Simon Waterfall, who last year became D&AD’s first digital president, co-founded Poke shortly after his company Deepend went bust in 2001. It had been the UK’s leading web design agency for three years, but then suddenly went under. Simon even signed on for a few months. Then he sat down with some of the directors from Deepend (Peter Beech, Nick Farnhill and Tom Hostler) and Oven Digital (Nicolas Roope and Iain Tait). “We decided we never wanted to repeat ourselves. We don’t want to do what we did, we don’t want to work for the same people, we don’t want to do the same type of work.” Hence the name: repeat yourself and you risk being poked by your colleagues.
Today Poke deals with brands like Topshop, Orange, Lego and Alexander McQueen, has won numerous awards and last year opened its first overseas office in New York. Simon is confident his agency will survive this time. “I’ve lived through recessions, I died in recessions,” he explains. “This one’s different because it’s an overinflation not of our marketplace, it’s of oil prices and consumption as a whole. It’s a reality check, because we learn every time a boom goes bust. When recession hits, people cut down on traditional marketing because of the risk attached.
They only do the appropriate marketing, and digital is absolutely trackable to the click. We’ll all be busier in a recession because the risk is reduced. You’re selling a service, a product; you’re everywhere and your shop is never shut."
It was also agreed not to let Poke turn into a huge company (Deepend had 350 employees) and to focus on the creative work rather than on travelling around the world and managing people. Each partner runs about two and a half big clients and projects and much of the work involves ‘web plus’. “I haven’t done any lone websites for a long time, maybe three or four years. It’s always web plus PR or web plus advertising. It’s not just us as a little microcosm.”
New projects
Poke’s latest project is promoting Motorola’s new ROKR E8 phone. Poke teamed up with dancing YouTube superstar David Elsewhere and asked him to interpret the phone’s features through dance. Add music by German electronic artists Modeselektor featuring Puppetmastaz and you’ve got a surefire viral that appeals to a huge audience. It’s even got its own YouTube channel. “People don’t buy the phone on features, so how do you differentiate it?” Simon asks. “We took two things that were huge, and they make you interested. That music is fucking better than the phone, and all three together create interest. We didn’t make an advert about the phone, the phone enabled this content to be made.”

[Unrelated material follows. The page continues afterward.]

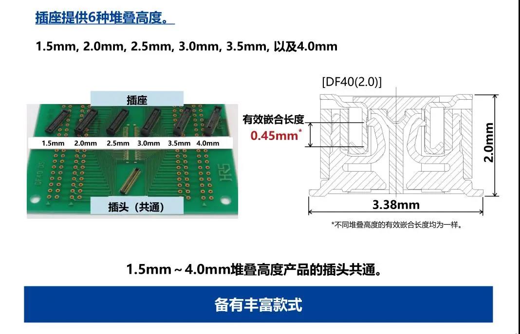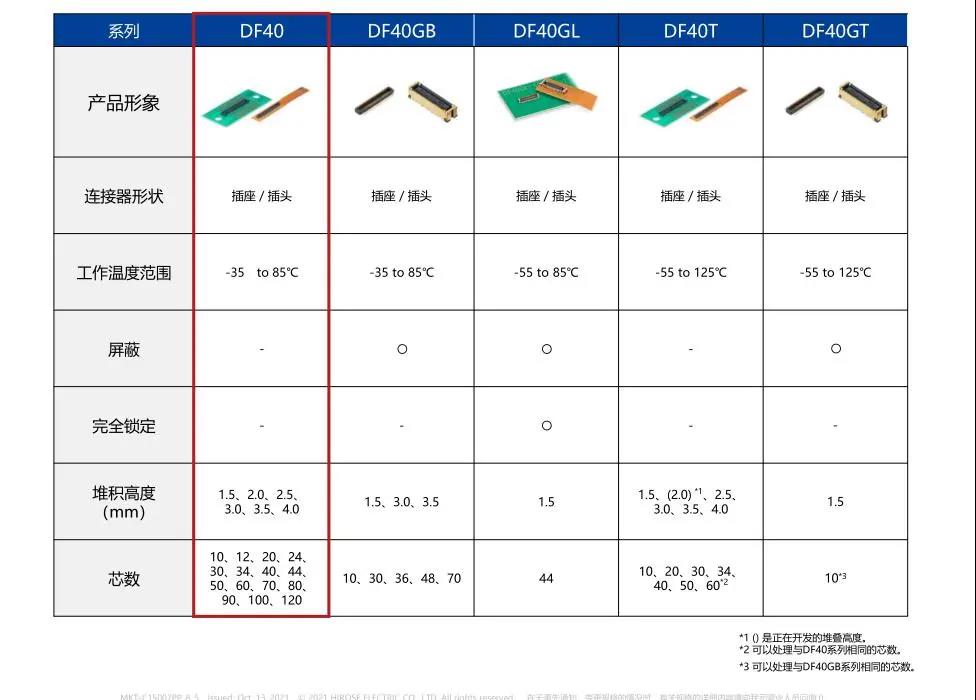 特点 1. 省空间:纵深3.38mm 2. 堆叠高度 1.5-4.0mm 3. 对应USB4 Gen.2(10Gbps)信号传输 *1 4. 有效嵌合长度长:0.45mm 5. 卓越的端子构造实现了明确的锁扣手感以及大嵌合力 6. 防止端子变形构造 7. 种类繁多(带护罩:DF40G系列,带完全锁:DF40GL系列,ADAS:DF40T系列) 8.核心数量从10到120核心变化巨大 9.用导向肋确保自动对准:0.33mm 10.防止镍阻挡层焊接的结构 11.还提供用于生产线检查的高度耐用的连接器* 只有H=1.5 mm的产品支持Type-C DF40系列变体

All the while Simon Waterfall, who designs his own fashion brand, Social Suicide, and used to be known for his penchant for wearing skirts, remains grounded. “We’re not artists, we’re designers,” he explains. “We work for other people. Brands pay us to do work and we have to understand the brands and the constraints.” There’s no shortage of brands that would like to work with Poke. It’s one of the most acclaimed agencies in the country. And so, unlike Deepend, Poke is here to stay.